The first patients were treated as part of a clinical trial testing whether an antibody therapy can safely reduce 2019 coronavirus disease (COVID-19) severity. The experimental treatment consists of identical copies of an antibody, a blood protein related to those that occur naturally as part of the human immune system, researchers say.
Eli Lilly and Company announced the trial’s start today, with NYU Grossman School of Medicine among the first centers to enroll patients nationally. The phase 1 clinical trial is designed primarily to measure the safety and side effects of the treatment, called LY-CoV555, in patients hospitalized due to infection with severe acute respiratory syndrome coronavirus 2 (SARS-CoV-2).
Lilly is developing the treatment in collaboration with AbCellera, which used proprietary drug discovery technologies to analyze antibodies taken from people who recovered from COVID-19. They sought to find the antibodies that most tightly attached to the virus in places known to block its ability to infect human cells (neutralizing antibodies).
Beyond emergency and supportive care, there are currently no U.S. Food and Drug Administration–licensed treatment options for COVID-19, the infection caused SARS-CoV-2.
“We are committed to working with our industry partners to generate scientific evidence from randomized, controlled trials to meet the urgent need for treatments that reduce the severity of COVID-19,” says Mark J. Mulligan, MD, director of the Division of Infectious Diseases and Immunology and the Vaccine Center at NYU Langone Health.

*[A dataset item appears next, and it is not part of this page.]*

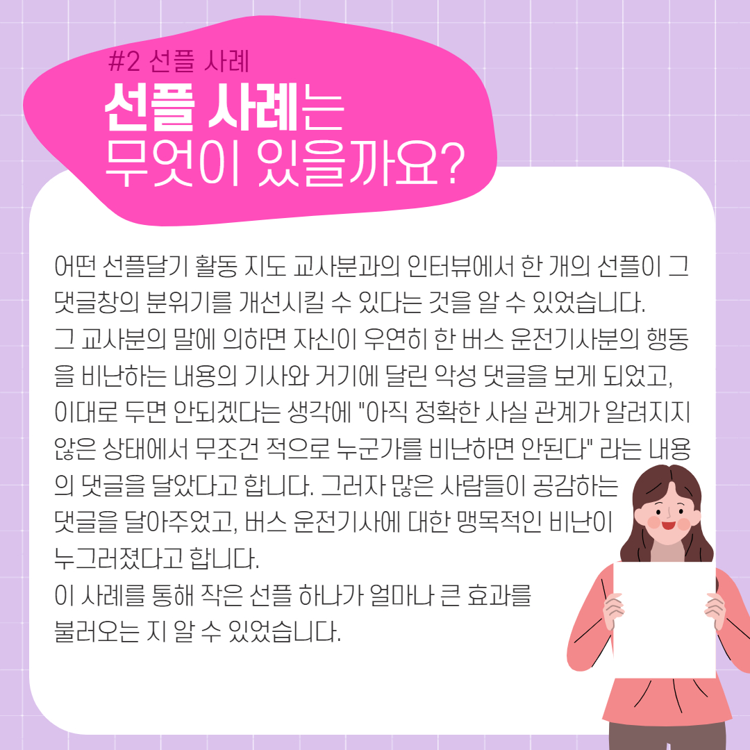 또 다른 사례로는 어떤 선플달기 활동 지도 교사분과의 인터뷰에서 한 개의 선플이 그 댓글창의 분위기를 개선시킬 수 있다는 것을 알 수 있었습니다. 그 교사분의 말에 의하면 자신이 우연히 한 버스 운전기사분의 행동을 비난하는 내용의 기사와 거기에 달린 악성 댓글을 보게 되었고, 이대로 두면 안되겠다는 생각에 "아직 정확한 사실 관계가 알려지지 않은 상태에서 무조건 적으로 누군가를 비난하면 안된다" 라는 내용의 댓글을 달았다고 합니다. 그러자 많은 사람들이 공감하는 댓글을 달아주었고, 버스 운전기사에 대한 맹목적인 비난이 누그러졌다고 합니다. 이 사례를 통해 작은 선플 하나가 얼마나 큰 효과를 불러오는 지 알 수 있었습니다.
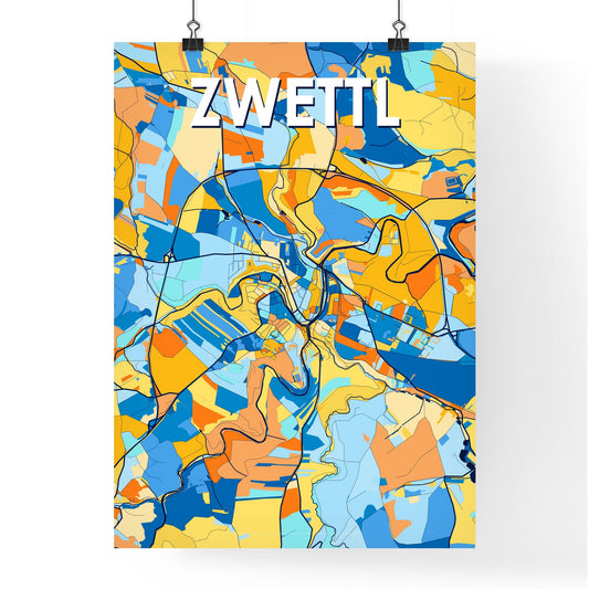 Zwettl Austria Vibrant Colorful Art Map Poster

“Antibody treatments like the one being studied here hold promise to be highly effective medical countermeasures against this deadly infection,” says Dr. Mulligan, who is also the Thomas S. Murphy Sr. Professor in the Department of Medicine at NYU Langone.
Along with Cedars-Sinai and Emory University, NYU Langone was chosen as one of the first trial centers because it is known for its clinical trials expertise and capacity to rapidly initiate crucial studies, he adds.

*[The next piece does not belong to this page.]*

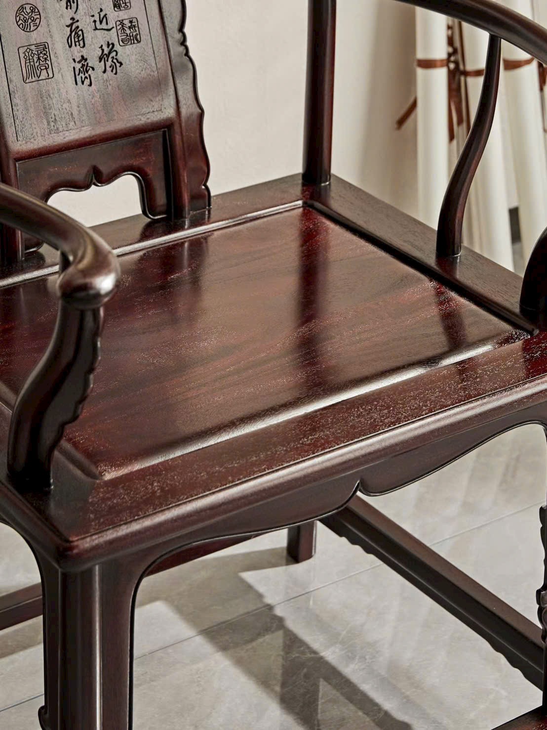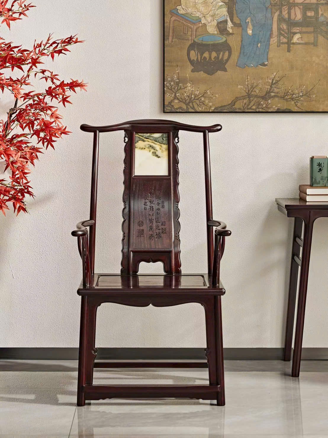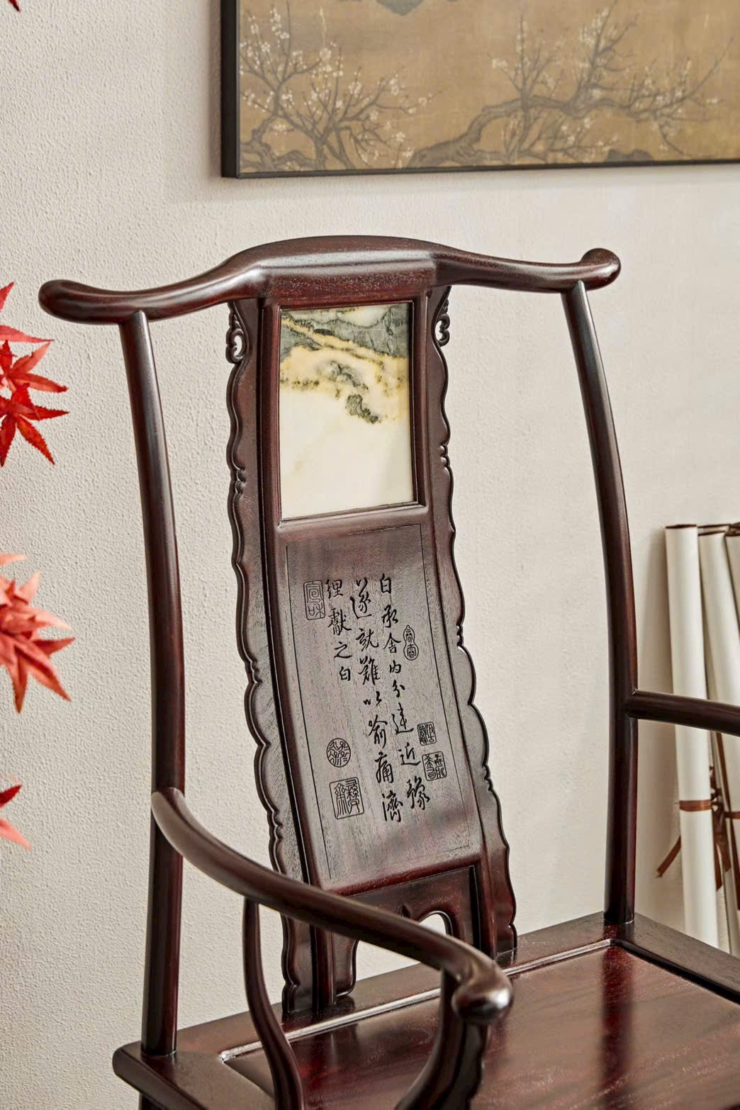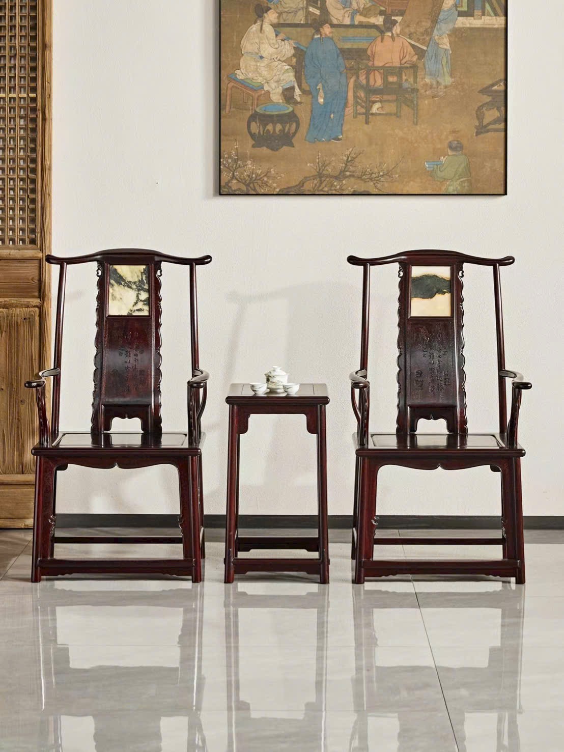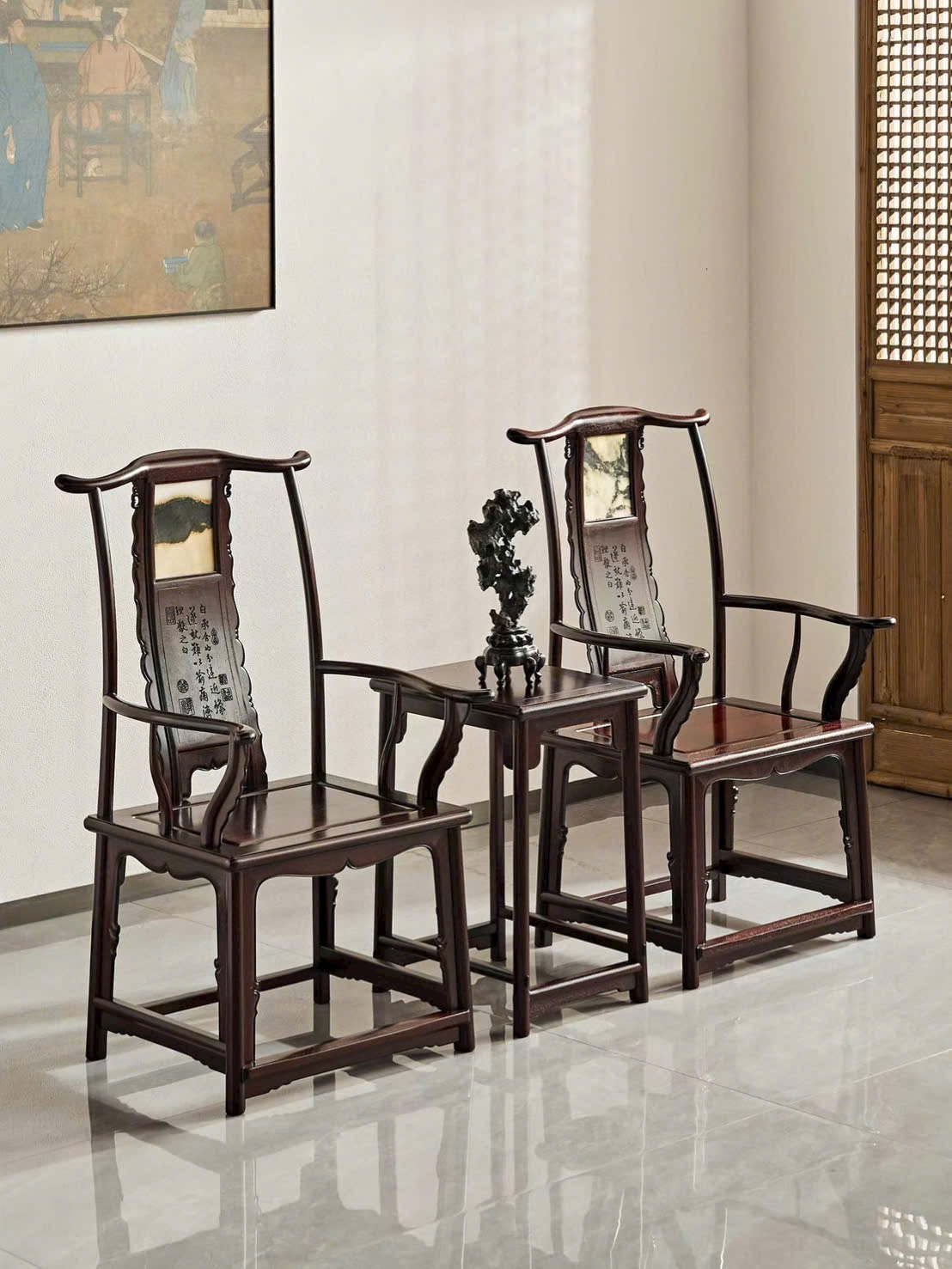 Thiết kế ghế quan mạo kết hợp mặt tựa/điểm nhấn vân thạch sang trọng, tạo chiều sâu và điểm nhấn nổi bật cho không gian. Dáng ghế bề thế, lưng cao uy nghi, tổng thể vừa cổ điển vừa trang nhã, thích hợp bài trí phòng khách hoặc phòng trà cao cấp.

“The world urgently needs medicines that can prevent and treat COVID-19,” said Daniel Skovronsky, MD, PhD, Lilly's chief scientific officer and president of Lilly Research Laboratories. “We’re pleased to partner with NYU Langone and other expert centers around the country on this study and are hopeful we can make a meaningful difference in the fight against COVID-19.”
The current treatment candidate was chosen because it is shaped to interact with the “spike proteins” used by SARS-CoV-2 to attach to human cell surfaces, the first step in invading cells, say the investigators. Viruses must enter cells to multiply, and the study treatment is meant to prevent such entry and neutralize the virus.
This randomized, blinded, placebo-controlled, first-in-human study aims to test the safety and tolerability of a single, intravenous dose of LY-CoV555 administered to hospitalized participants. The study will also look at how long the drug candidate lasts in the body.
Women and men aged 18 to 75 years are eligible for the study if they have moderate to severe COVID-19 illness according to National Institutes of Health (NIH) definitions, but not patients at high risk for respiratory failure, the researchers say. Patients will be excluded for several reasons, including if they require intubation (disease too severe), are pregnant, or have serious bacterial or fungal infections.
The study will proceed in stages, with two patients at first randomized to receive by infusion either the lowest dose of LY-CoV555 or placebo. If the drug is safe in that pair after 24 hours, 6 additional patients will be treated. If the lowest dose level in those 8 patients is well tolerated and safe, a group of 8 additional patients would be randomized to receive a slightly higher dose or placebo, with the process repeating for a potential total of up to 32 patients infused over 29 days.
If the treatment proves to be safe at each increasing dose, Lilly plans to pivot to the start of a phase 2 trial, pending regulatory approval, with the potential to test the treatment’s safety in a larger group of patients, including those that have not been hospitalized.